**SOURCE DATA**.
:::::

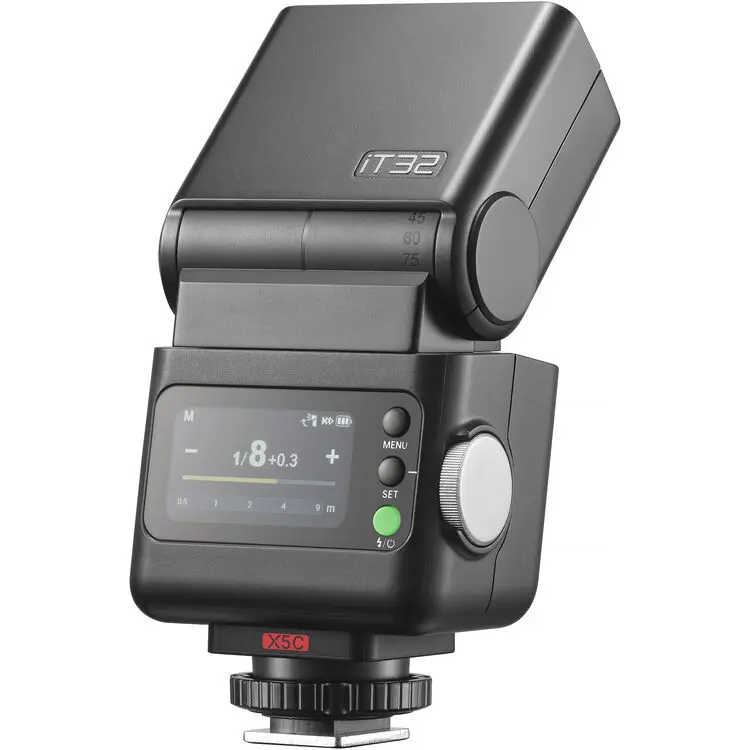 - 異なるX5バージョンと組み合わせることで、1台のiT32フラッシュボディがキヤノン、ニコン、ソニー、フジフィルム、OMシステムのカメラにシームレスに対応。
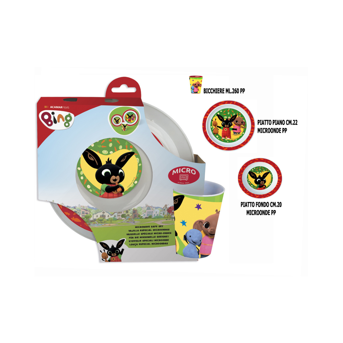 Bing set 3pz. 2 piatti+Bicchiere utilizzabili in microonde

:::::

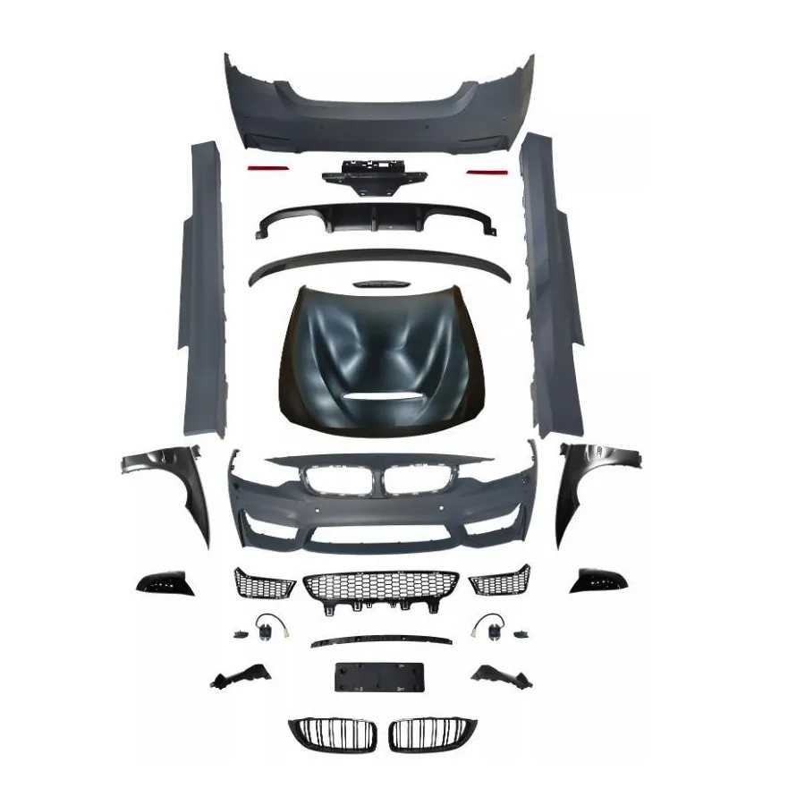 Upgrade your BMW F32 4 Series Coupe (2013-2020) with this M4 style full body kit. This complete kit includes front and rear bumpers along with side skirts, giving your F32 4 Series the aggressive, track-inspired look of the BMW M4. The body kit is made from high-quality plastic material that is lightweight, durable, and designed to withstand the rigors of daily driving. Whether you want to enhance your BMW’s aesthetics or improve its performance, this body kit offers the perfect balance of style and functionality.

:::::

**WORK INSTRUCTIONS**.
Exact copy, pictures excluded: every line above from the one containing "- 異なるX5バージョンと組" to the one containing "Bing set 3pz.", inclusive, and nothing more.

**EXERCISE ANSWER**.
 - 異なるX5バージョンと組み合わせることで、1台のiT32フラッシュボディがキヤノン、ニコン、ソニー、フジフィルム、OMシステムのカメラにシームレスに対応。
 Bing set 3pz. 2 piatti+Bicchiere utilizzabili in microonde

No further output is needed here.